W kolejnych latach Wydział Elektryczny, a po zmianie nazwy w 1996 roku, Wydział
Elektrotechniki i Automatyki, kończyły kolejne roczniki z dyplomami inżynierów lub magistrów
inżynierów w kierunku elektrotechniki różnych specjalności. W roku 1989 uruchomiony został
kierunek automatyka, zaś od roku 2005 wspólnie z wydziałami: Mechanicznym oraz
Oceanotechniki i Okrętownictwa, prowadzony jest kierunek Energetyka. Ponadto od roku
akademickiego 1997 Wydział prowadzi studia III stopnia (doktoranckie). Od roku 1965 Wydział
posiada pełne prawa akademickie (dotyczące doktoryzowania i habilitowania) w dyscyplinie
Elektrotechnika, a od 2001 prawo doktoryzowania w dyscyplinie Automatyka i Robotyka. Obecnie
na Wydziale studiuje w systemie stacjonarnym i zaocznym w sumie 1942 studentów.
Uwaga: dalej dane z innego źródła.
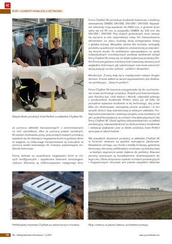 RURY I ELEMENTY KANALIZACJI BETONOWEJ90 ZBI %u2013 Zak%u0142ady Betonowe International %u2013 5 | 2025 www.cpi-worldwide.comza pomoc%u0105 wk%u0142adek styropianowych z zamontowanymi na nich uszczelkami, albo za pomoc%u0105 przej%u015b%u0107 szczelnych. W czystym %u015brodowisku pracy, przy prostych etapach produkcji, wytwarza si%u0119 do dziesi%u0119ciu negatyw%u00f3w kinet na godzin%u0119, kt%u00f3re ze wzgl%u0119du na nisk%u0105 wag%u0119 transportowane s%u0105 manualnie za pomoc%u0105 w%u00f3zka koszowego do maszyny wytwarzaj%u0105cej studzienki betonowe.Formy stalowe s%u0105 uzupe%u0142niane negatywami kinet w r%u00f3%u017cnych konfiguracjach i wype%u0142niane betonem samozag%u0119szczalnym. Elementy s%u0105 rozformowywane nast%u0119pnego dnia. Firma Chy%u017ebet SK produkuje studzienki betonowe o %u015brednicy wewn%u0119trznej DN800, DN1000, DN1200 i DN1500. Najwi%u0119ksze elementy maj%u0105 wysoko%u015b%u0107 do 2000 mm, a grubo%u015b%u0107 %u015bcian waha si%u0119 od 90 mm w przypadku DN800 do 330 mm dla DN1200 i DN1500. Przy du%u017cych grubo%u015bciach %u015bcian stosuje si%u0119 wyci%u0119cia w celu optymalizacji masy. Do manipulowania elementami na placu budowy s%u0142u%u017c%u0105 zintegrowane kotwy z g%u0142%u00f3wk%u0105 kulow%u0105. Wszystkie istotne dla monta%u017cu szczeg%u00f3%u0142y produktu s%u0105 widoczne na etykiecie umieszczonej po zewn%u0119trznej stronie studni. Po wieloletnim wprowadzaniu na rynek indywidualnych monolitycznych podstaw studzienek zarz%u0105d firmy Chy%u017ebet SK cieszy si%u0119, %u017ce dzi%u0119ki systemowi produkcji Perfect firma jest gotowa na kolejny krok rozwojowy zar%u00f3wno pod wzgl%u0119dem ilo%u015bciowym, jak i jako%u015bciowym oraz mo%u017ce wzmocni%u0107 swoj%u0105 pozycj%u0119 na obu rynkach %u2013 polskim i s%u0142owackim.Monika %u0141y%u015b: %u201eTurany sta%u0142y si%u0119 w mi%u0119dzyczasie naszym drugim domem. A teraz zak%u0142ad ze swoim wyposa%u017ceniem jest dos%u0142ownie perfekcyjny %u2013 %u201eNow it%u2019s perfect%u201d.Firma Chy%u017ebet SK starannie przygotowa%u0142a si%u0119 do uruchomienia nowej technologii produkcji. Zesp%u00f3%u0142 pod kierownictwem pani Karoliny %u0141y%u015b, c%u00f3rki Adama i Moniki, odwiedzi%u0142 jednego z producent%u00f3w studzienek Perfect, kt%u00f3ry ju%u017c od kilku lat pomy%u015blnie wytwarza studzienki w tej technologii, aby przez kilka dni obserwowa%u0107 rzeczywisty proces produkcji i w ten spos%u00f3b skr%u00f3ci%u0107 faz%u0119 wdro%u017ceniow%u0105 w w%u0142asnym zak%u0142adzie. Profesjonalne planowanie i realizacja projektu oraz niezale%u017cny od p%u0142ci podzia%u0142 kompetencji s%u0105 cechami charakterystycznymi dla firmy Chy%u017ebet SK. Obok og%u00f3lnej odpowiedzialno%u015bci za zak%u0142ad produkcyjny, odpowiedzialno%u015b%u0107 za dzia%u0142 produkcji studzienek i realizacj%u0119 wi%u0119kszo%u015bci prac w dziale produkcji kinet Perfect spoczywa w r%u0119kach kobiet.We wszystkich obszarach produkcji w zak%u0142adzie Chy%u017ebet SK w Turanach stawiane s%u0105 wysokie wymagania jako%u015bciowe. Niezale%u017cnie od tego, czy chodzi o kostk%u0119 brukow%u0105, galanteri%u0119 betonow%u0105, elementy prefabrykacji mostowej czy kubaturowej - w ka%u017cdym segmencie wida%u0107 d%u0105%u017cenie do perfekcji. R%u00f3wnie%u017c procesy operacyjne s%u0105 konsekwentnie dostosowywane do tego celu. Obok utrzymania czysto%u015bci w halach produkcyjnych i magazynowych, kluczowe jest przede wszystkim w%u0142a%u015bciwe Zesp%u00f3%u0142 dzia%u0142u produkcji kinet Perfect w zak%u0142adzie Chy%u017ebet SK.Prefabrykaty mostowe Chy%u017ebet po zako%u0144czonym monta%u017cu. P%u0142yty z betonu w jako%u015bci betonu architektonicznego.%u00a9 Chy%u017ebet SK %u00a9 Chy%u017ebet SK

Jeszcze podczas studiów lub bezpośrednio po ich ukończeniu wielu z nas, absolwentów
Wydziału, wstępowało w szeregi Stowarzyszenia Elektryków Polskich. Profesor Jerzy Sawicki
został członkiem SEP wiosną 1951 roku.
*)
– Starszy wykładowca w Katedrze Elektrotechniki i Informatyki Wydziału Elektrotechniki i
Automatyki Politechniki Gdańskiej. Absolwent Wydziału Elektrycznego z rocznika 1965 –
1971. Nr legitymacji członkowskiej SEP 0919055.
**) – Jerzy Sawicki: „Rok pierwszy”, Gdańsk 2000 (materiał niepublikowany).